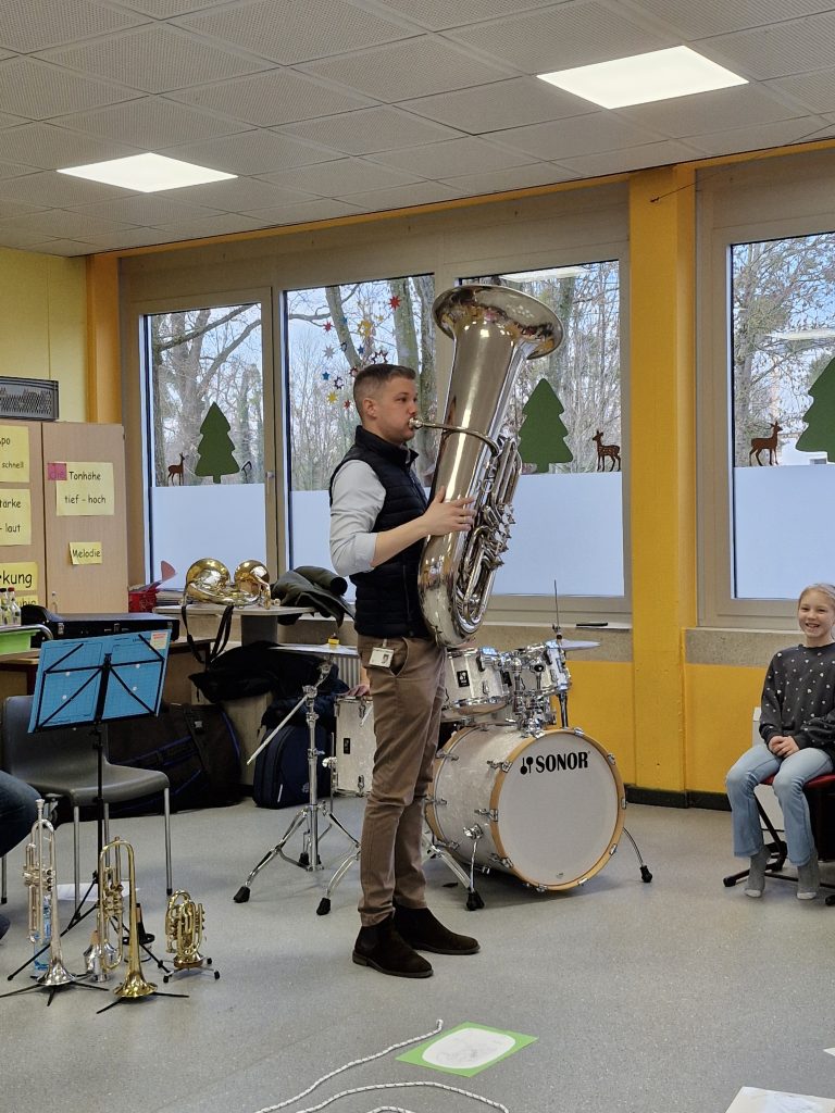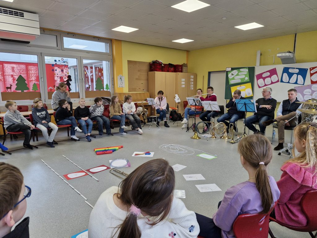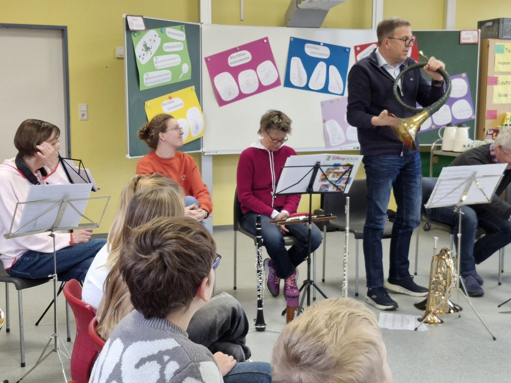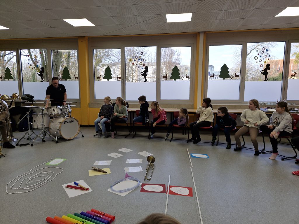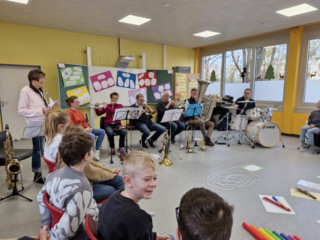 Einen ganzen Vormittag lang war der Musikzug Störmede zu Besuch und stellte den Kindern des 3. Jahrgangs verschiedene Blasinstrumente und das Schlagzeug vor. Dabei lernten die Schülerinnen und Schüler die Funktion von Noten kennen und erfuhren, warum Noten so wichtig sind – denn nur wenn alle nach denselben Noten spielen und gut zusammenpassen, entsteht ein richtiges Musikstück.
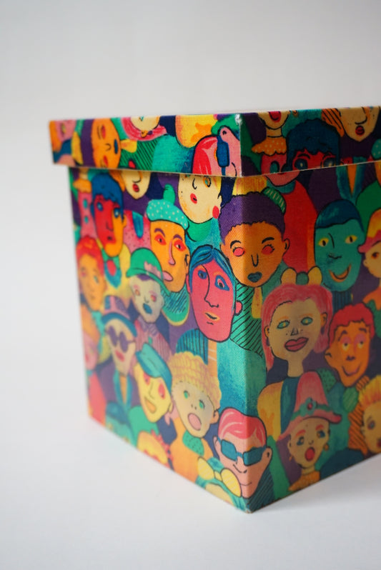 Vintage 1990s F.R. Industries Colorful People Tissue Box Cover Plastic 5.5"
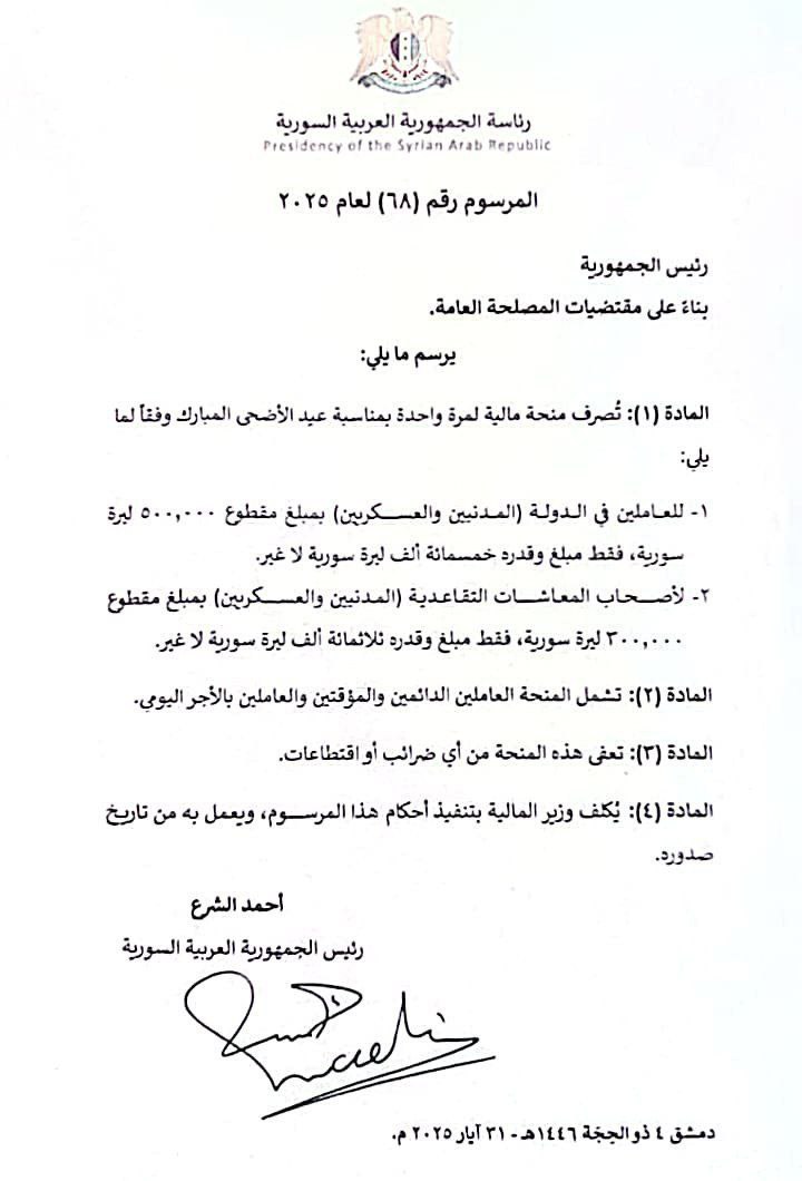 رئيس الجمهورية السيد أحمد الشرع يصدر مرسوماً بمنحة مالية قدرها 500 ألف ليرة سورية لمرة واحدة، للعاملين في الدولة، وللمتقاعدين 300 ألف ليرة سورية لمرة واحدة. محليات On يونيو 1, 2025 Share #صحيفة_الجماهير Share FacebookTwitterGoogle+ReddItWhatsAppPinterestالبريد الإلكتروني
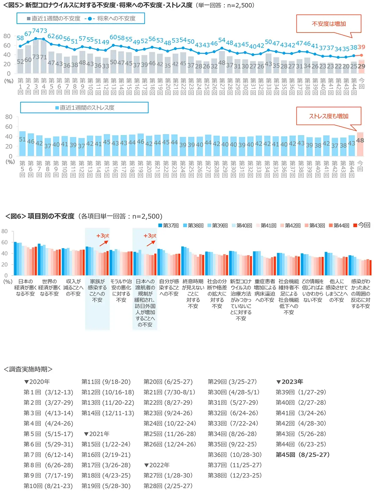 定点指標の「直近1週間の不安度」は4pt増の29%、「将来に対する不安度」は微増の39%。猛暑日が多かったこともあり「直近1週間のストレス度」は6pt増の48%であり、不安度、ストレス度ともに増加に転じた。<図5>
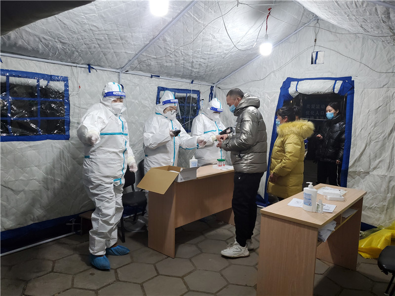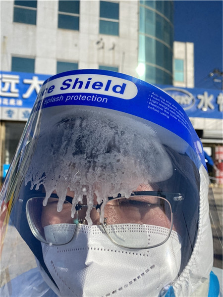 近一周来,北京降温明显,给每天穿着防护服在室外工作的工作人员带来了更大的考验。谢雪飞说,印象最深的是去年12月29日晚上。“做核酸检测之前那一天,也就是29日筹备那天,风特别大、天气特别冷,我们穿着防护服搭帐篷、干活。那么大的风,帐篷都差点刮跑了,虽然戴了手套,但是手都冻木了,我们还在那儿扶着帐篷,前后坚持了两个多小时,帐篷才弄好。虽然我们也有施工的,但是考虑到施工师傅的安全,就没让施工师傅进村。”
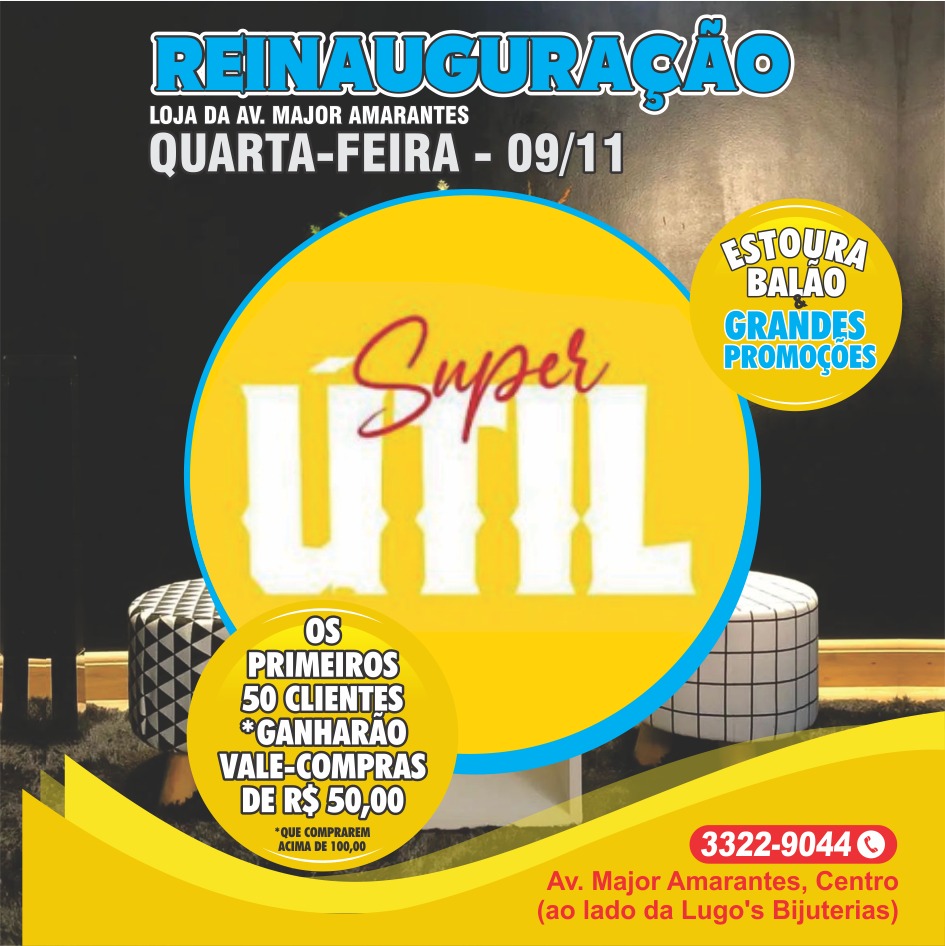 Festa de "REINAUGURAÇÃO" da SUPER ÚTIL UTILIDADES DOMÉSTICAS da Av. Major Amarantes (os primeiros clientes ganharão vale–compras R$ 50,00)

+++

Exercise prompt: Reprint every record exactly and skip the pictures.

Written response:
 Einen ganzen Vormittag lang war der Musikzug Störmede zu Besuch und stellte den Kindern des 3. Jahrgangs verschiedene Blasinstrumente und das Schlagzeug vor. Dabei lernten die Schülerinnen und Schüler die Funktion von Noten kennen und erfuhren, warum Noten so wichtig sind – denn nur wenn alle nach denselben Noten spielen und gut zusammenpassen, entsteht ein richtiges Musikstück.
 Vintage 1990s F.R. Industries Colorful People Tissue Box Cover Plastic 5.5"
 رئيس الجمهورية السيد أحمد الشرع يصدر مرسوماً بمنحة مالية قدرها 500 ألف ليرة سورية لمرة واحدة، للعاملين في الدولة، وللمتقاعدين 300 ألف ليرة سورية لمرة واحدة. محليات On يونيو 1, 2025 Share #صحيفة_الجماهير Share FacebookTwitterGoogle+ReddItWhatsAppPinterestالبريد الإلكتروني
 定点指標の「直近1週間の不安度」は4pt増の29%、「将来に対する不安度」は微増の39%。猛暑日が多かったこともあり「直近1週間のストレス度」は6pt増の48%であり、不安度、ストレス度ともに増加に転じた。<図5>
 近一周来,北京降温明显,给每天穿着防护服在室外工作的工作人员带来了更大的考验。谢雪飞说,印象最深的是去年12月29日晚上。“做核酸检测之前那一天,也就是29日筹备那天,风特别大、天气特别冷,我们穿着防护服搭帐篷、干活。那么大的风,帐篷都差点刮跑了,虽然戴了手套,但是手都冻木了,我们还在那儿扶着帐篷,前后坚持了两个多小时,帐篷才弄好。虽然我们也有施工的,但是考虑到施工师傅的安全,就没让施工师傅进村。”
 Festa de "REINAUGURAÇÃO" da SUPER ÚTIL UTILIDADES DOMÉSTICAS da Av. Major Amarantes (os primeiros clientes ganharão vale–compras R$ 50,00)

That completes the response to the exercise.